Omit the pictures and retype only the lines from the one containing "我不理解,这都歪了。幼崽的时" through the end of the listing, both ends included.
(DATASET RECORDS)
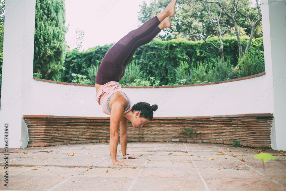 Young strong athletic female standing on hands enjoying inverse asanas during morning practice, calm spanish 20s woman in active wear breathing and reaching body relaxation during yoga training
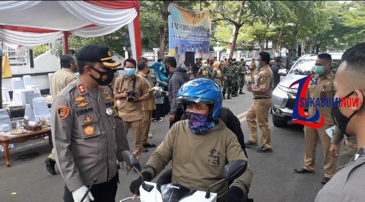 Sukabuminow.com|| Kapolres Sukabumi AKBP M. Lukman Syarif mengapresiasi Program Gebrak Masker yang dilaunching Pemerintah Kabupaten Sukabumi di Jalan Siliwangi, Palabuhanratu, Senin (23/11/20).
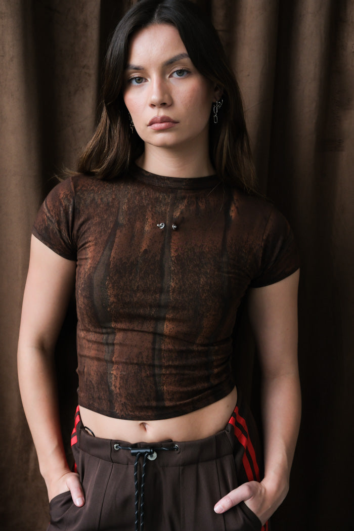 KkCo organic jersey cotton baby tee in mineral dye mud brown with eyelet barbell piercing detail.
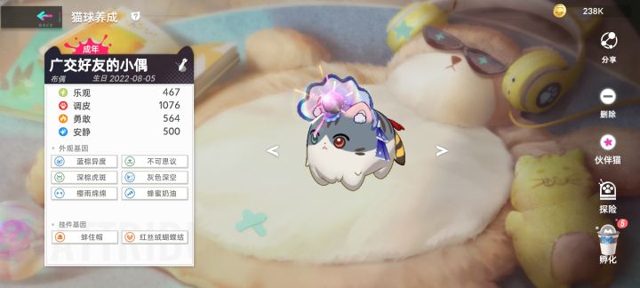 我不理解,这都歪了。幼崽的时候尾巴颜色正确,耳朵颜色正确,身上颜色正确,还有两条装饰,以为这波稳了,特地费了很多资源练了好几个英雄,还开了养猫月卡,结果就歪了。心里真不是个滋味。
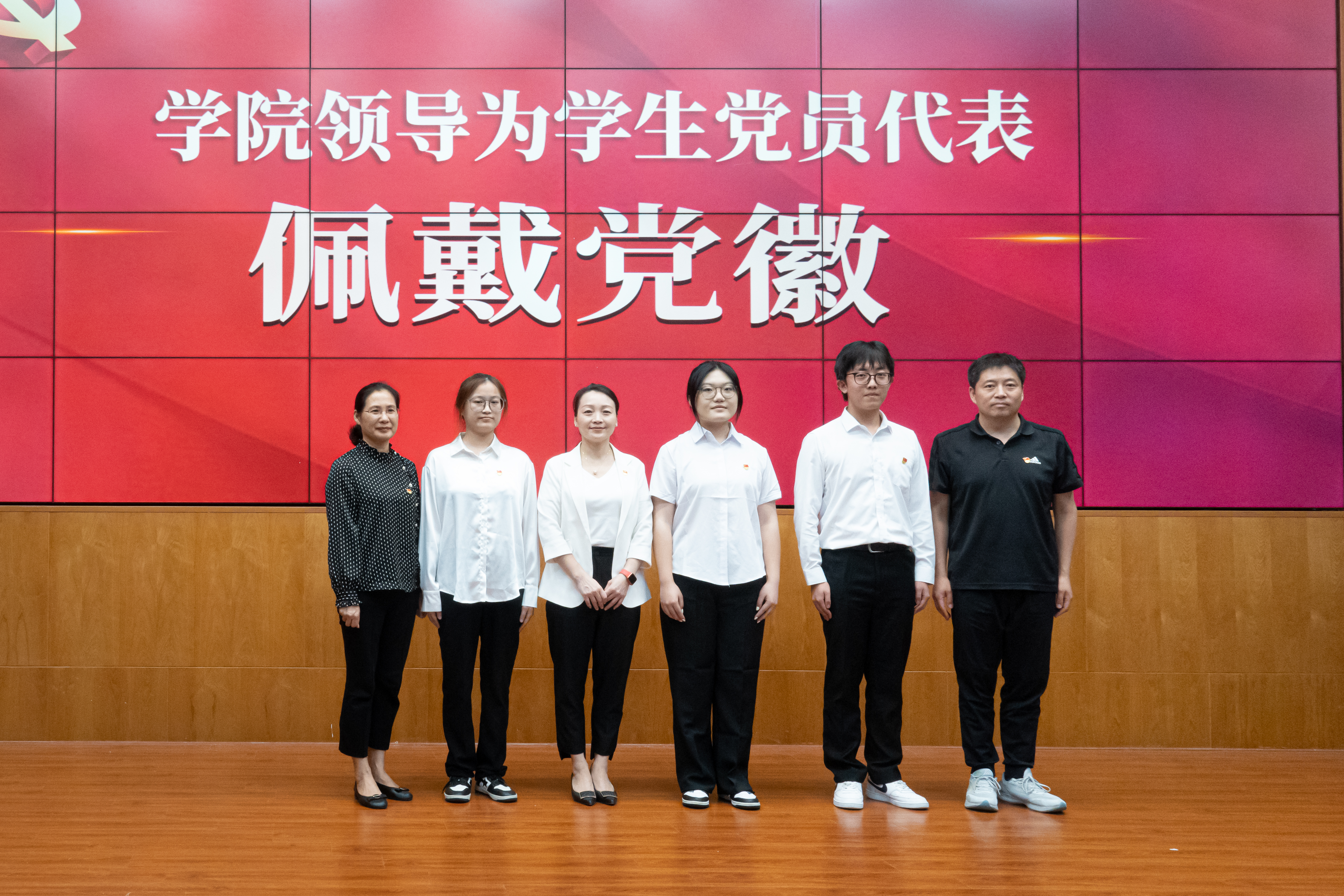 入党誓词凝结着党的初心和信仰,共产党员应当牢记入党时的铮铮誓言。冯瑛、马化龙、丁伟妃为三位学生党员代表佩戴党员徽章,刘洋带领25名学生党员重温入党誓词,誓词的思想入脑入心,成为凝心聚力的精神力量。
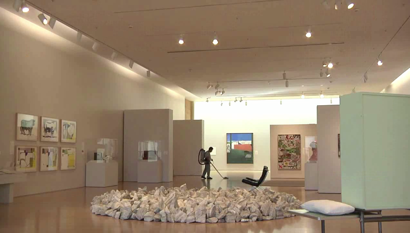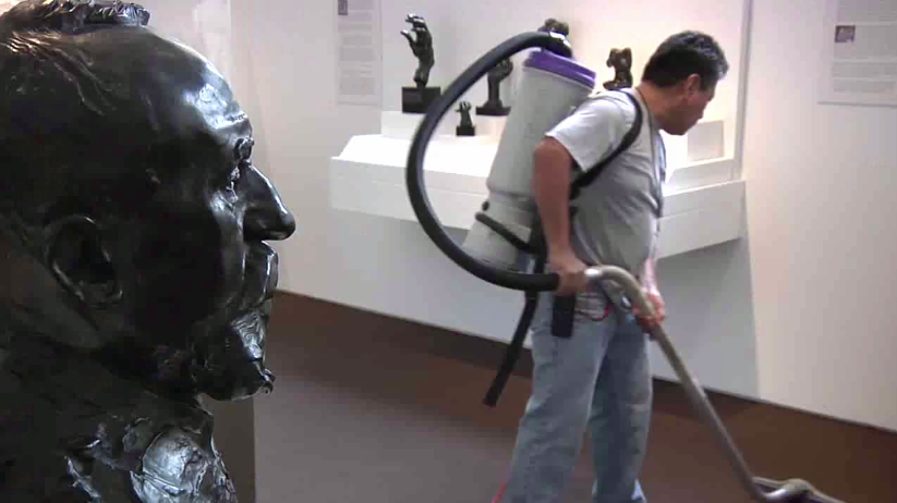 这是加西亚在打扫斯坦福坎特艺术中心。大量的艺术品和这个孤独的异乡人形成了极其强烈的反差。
(End DATASET RECORDS)
> SOLUTION TO THE PROBLEM:
 我不理解,这都歪了。幼崽的时候尾巴颜色正确,耳朵颜色正确,身上颜色正确,还有两条装饰,以为这波稳了,特地费了很多资源练了好几个英雄,还开了养猫月卡,结果就歪了。心里真不是个滋味。
 入党誓词凝结着党的初心和信仰,共产党员应当牢记入党时的铮铮誓言。冯瑛、马化龙、丁伟妃为三位学生党员代表佩戴党员徽章,刘洋带领25名学生党员重温入党誓词,誓词的思想入脑入心,成为凝心聚力的精神力量。
 这是加西亚在打扫斯坦福坎特艺术中心。大量的艺术品和这个孤独的异乡人形成了极其强烈的反差。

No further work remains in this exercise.